For the purpose of comparison, I have used the same simple image set up for figures 8.2 through 8.7 to illustrate how the flash and flash exposure modifications change the image. The scene is lit by a tungsten chandelier with diffuse window light coming in to camera right.


8.2 This image was taken without using a flash. Exposure: ISO 125, f/5.6, 1/3 sec., auto White Balance, using an EF 25-105mm, f/4L IS USM lens.

8.3 This image is lit by the onboard flash set to E-TTL with no exposure modification, the distracting background shadows are predictable. However, the flash cools down the strong yellow cast of the tungsten lighting.

A custom White Balance is the ticket to solve the colorcast, of course, but the combination of tungsten and flash light creates the warm appearance that I envisioned, as shown in figure 8.7 at the end of this chapter.

If you use an accessory Speedlite, you can set Flash Exposure Compensation either on the camera or on the Speedlite. However, the compensation that you set on the Speedlite overrides any compensation that you set on the 40D's Setup 2 (yellow) camera menu. If you set compensation on both the Speedlite and the camera, the Speedlite setting overrides what you set on the camera. So the take-away is to set compensation either on the Speedlite or on the camera, but not both. Unless you shoot with the Speedlite on multiple EOS camera bodies, I think setting compensation on the camera is handier simply because the camera's LCD is easier to see and change than it is on the Speedlite's display.

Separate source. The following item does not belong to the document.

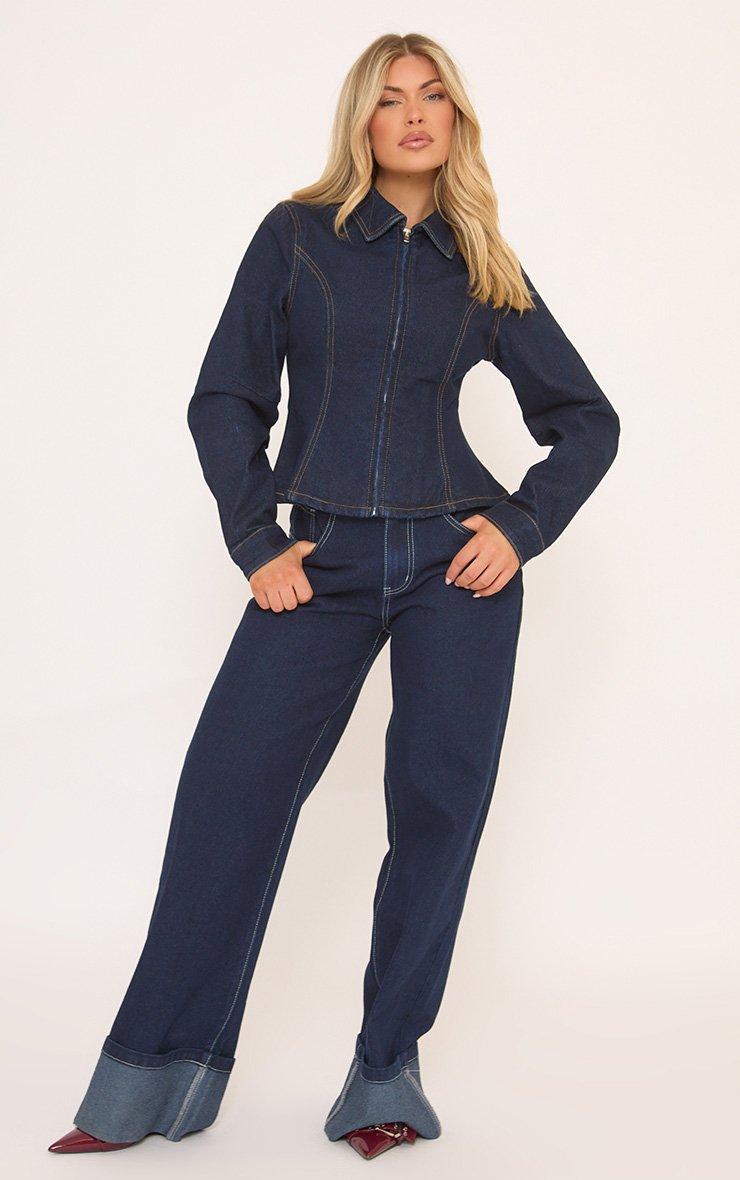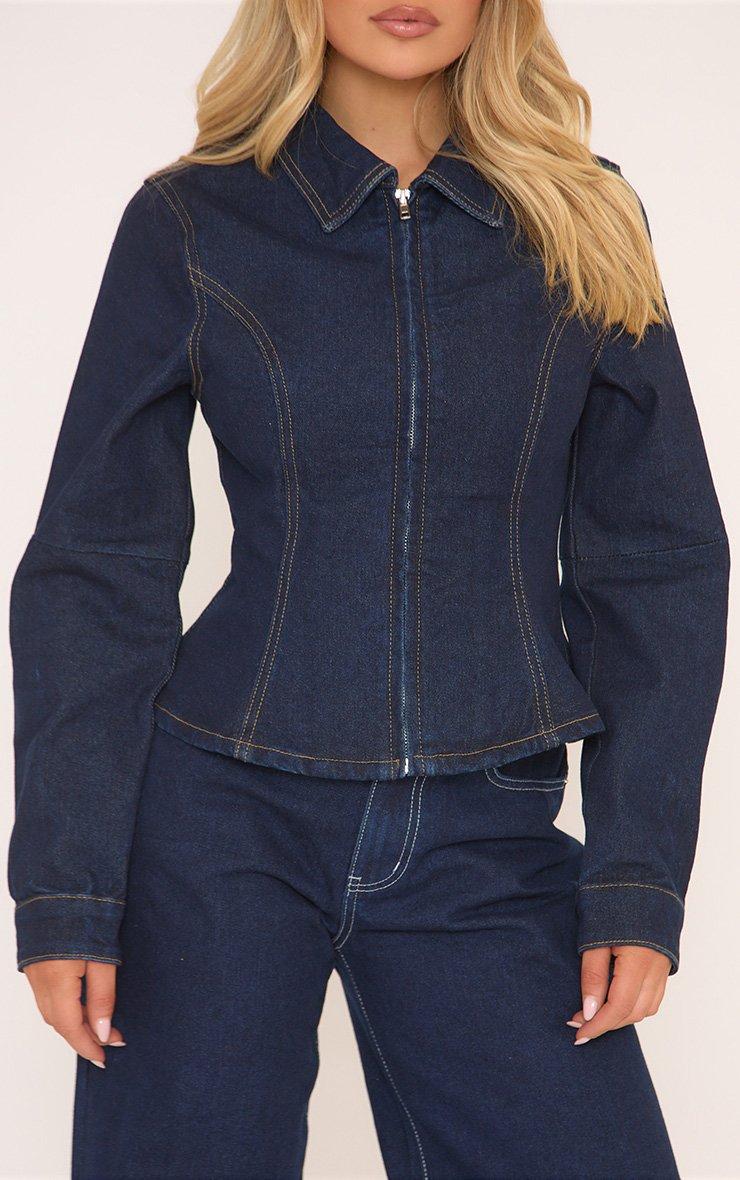 Long Sleeve Cinch Waist Collared Top In Dark Blue Denim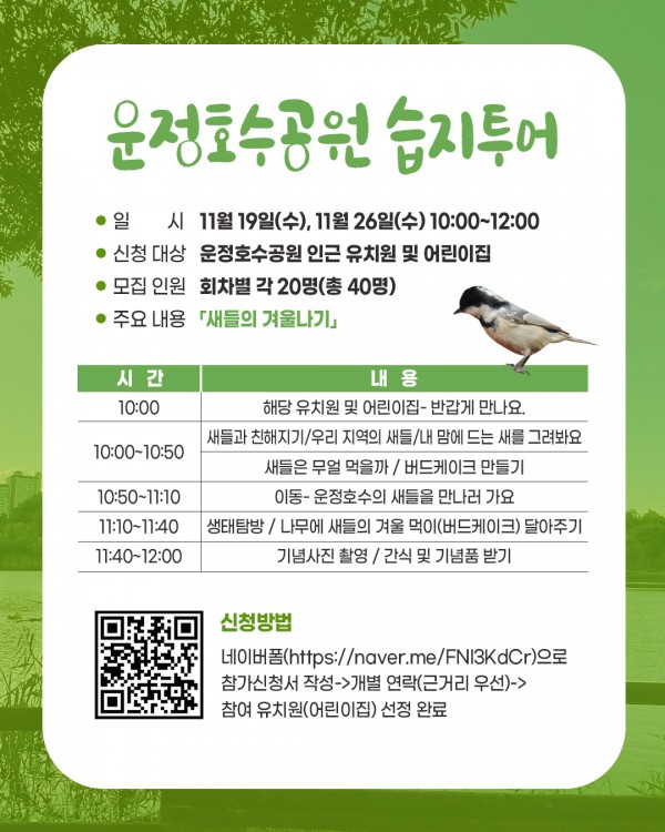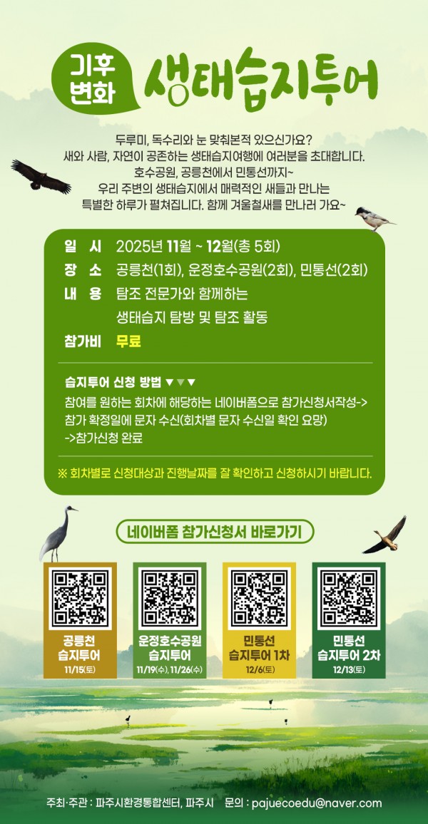 공지 생태 체험 <운정호수공원 습지투어 및 생태습지투어> 페이지 정보 작성자 관리자 댓글 0건 조회 44회 작성일 25-11-04 10:29 목록 첨부파일 2025년 기후변화 생태습지투어 계획안_공유.pdf (2.7M) 0회 다운로드 | DATE : 2025-11-04 10:29:53 본문 기관(어린이집 및 유치원) 대상 : 11월 19일 , 11월 26일 10:00~ 12:00 가족 대상 : 11월 15일, 12월 6일, 12월 13일 참가비 : 무료시간과 내용 확인하셔서 많은 참여 바랍니다. 다음글파주시 워크온 걷기챌린지 리워드 지급방식 변경 알림 25.10.30

8.4 This image is lit with onboard flash exposure set to -1. The lowered flash exposure reduces the appearance of the background shadows, but the yellow cast of the tungsten light is evident again.

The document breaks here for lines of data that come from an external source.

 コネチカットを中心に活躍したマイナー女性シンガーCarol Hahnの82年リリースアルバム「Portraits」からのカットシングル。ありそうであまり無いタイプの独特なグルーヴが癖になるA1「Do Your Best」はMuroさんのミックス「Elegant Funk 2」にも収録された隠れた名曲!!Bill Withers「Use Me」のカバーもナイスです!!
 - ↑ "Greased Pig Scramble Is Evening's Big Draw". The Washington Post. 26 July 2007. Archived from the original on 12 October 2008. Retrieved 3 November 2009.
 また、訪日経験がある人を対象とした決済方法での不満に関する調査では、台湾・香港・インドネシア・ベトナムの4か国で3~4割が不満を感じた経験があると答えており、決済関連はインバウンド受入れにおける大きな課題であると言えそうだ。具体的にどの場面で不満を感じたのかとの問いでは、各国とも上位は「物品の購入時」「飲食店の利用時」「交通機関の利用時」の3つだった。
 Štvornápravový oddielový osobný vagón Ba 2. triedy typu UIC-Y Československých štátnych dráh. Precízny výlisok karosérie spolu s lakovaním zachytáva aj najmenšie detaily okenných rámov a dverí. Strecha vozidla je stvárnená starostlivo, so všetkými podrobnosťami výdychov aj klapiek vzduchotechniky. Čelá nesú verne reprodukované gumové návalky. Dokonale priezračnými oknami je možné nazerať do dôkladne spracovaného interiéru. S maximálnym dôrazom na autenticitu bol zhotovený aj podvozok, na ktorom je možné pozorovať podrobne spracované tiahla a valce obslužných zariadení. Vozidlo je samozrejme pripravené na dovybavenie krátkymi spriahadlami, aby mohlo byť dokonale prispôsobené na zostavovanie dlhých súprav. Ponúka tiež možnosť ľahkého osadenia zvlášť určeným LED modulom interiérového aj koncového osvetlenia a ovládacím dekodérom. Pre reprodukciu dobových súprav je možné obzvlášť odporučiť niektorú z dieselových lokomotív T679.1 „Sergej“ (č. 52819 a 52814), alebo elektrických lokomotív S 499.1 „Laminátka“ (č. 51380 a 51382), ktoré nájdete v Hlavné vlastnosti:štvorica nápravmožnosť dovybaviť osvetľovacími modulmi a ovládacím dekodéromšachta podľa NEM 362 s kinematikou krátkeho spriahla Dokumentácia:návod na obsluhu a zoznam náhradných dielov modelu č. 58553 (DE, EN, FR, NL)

Flash Exposure Compensation can be combined with Exposure Compensation. If you're shooting a scene where one part of the scene is brightly lit and another part of the scene is much darker—for example an interior room with a view to the outdoors — then you can set Exposure Compensation to -1 and set the Flash Exposure Compensation to -1 to make the transition between the two differently lit areas more natural.

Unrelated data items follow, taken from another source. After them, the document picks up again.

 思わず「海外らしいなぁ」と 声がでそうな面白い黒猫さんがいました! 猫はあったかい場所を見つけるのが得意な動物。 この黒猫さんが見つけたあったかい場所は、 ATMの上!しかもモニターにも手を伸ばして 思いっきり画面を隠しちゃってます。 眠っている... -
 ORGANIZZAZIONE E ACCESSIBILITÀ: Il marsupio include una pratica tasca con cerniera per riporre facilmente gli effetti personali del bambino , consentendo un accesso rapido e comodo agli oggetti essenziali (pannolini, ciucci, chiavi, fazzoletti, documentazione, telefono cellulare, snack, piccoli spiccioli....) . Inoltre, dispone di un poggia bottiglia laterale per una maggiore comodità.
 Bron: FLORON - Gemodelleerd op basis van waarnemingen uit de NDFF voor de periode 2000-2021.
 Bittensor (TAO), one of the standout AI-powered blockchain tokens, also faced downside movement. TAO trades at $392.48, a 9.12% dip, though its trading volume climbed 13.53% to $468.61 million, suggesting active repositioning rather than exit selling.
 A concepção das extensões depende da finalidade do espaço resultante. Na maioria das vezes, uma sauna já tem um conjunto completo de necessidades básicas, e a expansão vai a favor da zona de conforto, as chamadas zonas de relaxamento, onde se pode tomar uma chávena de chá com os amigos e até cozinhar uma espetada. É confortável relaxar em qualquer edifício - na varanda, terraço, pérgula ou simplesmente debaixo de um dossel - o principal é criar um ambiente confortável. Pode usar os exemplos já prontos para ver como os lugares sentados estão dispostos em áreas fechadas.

To set Flash Exposure Compensation for either the built-in flash or an accessory Speedlite, follow these steps:

1. Set the camera to a Creative Zone mode, and then press the ISO-Flash Compensation button above the LCD panel. The

Exposure Level indicator meter is activated.

2. Turn the Quick Control dial to the left to set negative compensation (lower flash output) or to the right to set positive flash output (increased flash output) in 1/3-stop increments. As you turn the Quick Control dial, a tick mark under the Exposure Level meter moves to indicate the amount of Flash Exposure Compensation. The Flash Exposure Compensation is displayed in the viewfinder and on the LCD panel when you press the Shutter button halfway. The Flash Exposure Compensation you set on the camera remains in effect until you change it.

To remove Flash Exposure Compensation, repeat these steps but in Step 2, move the tick mark on the Exposure Level meter back to the center point.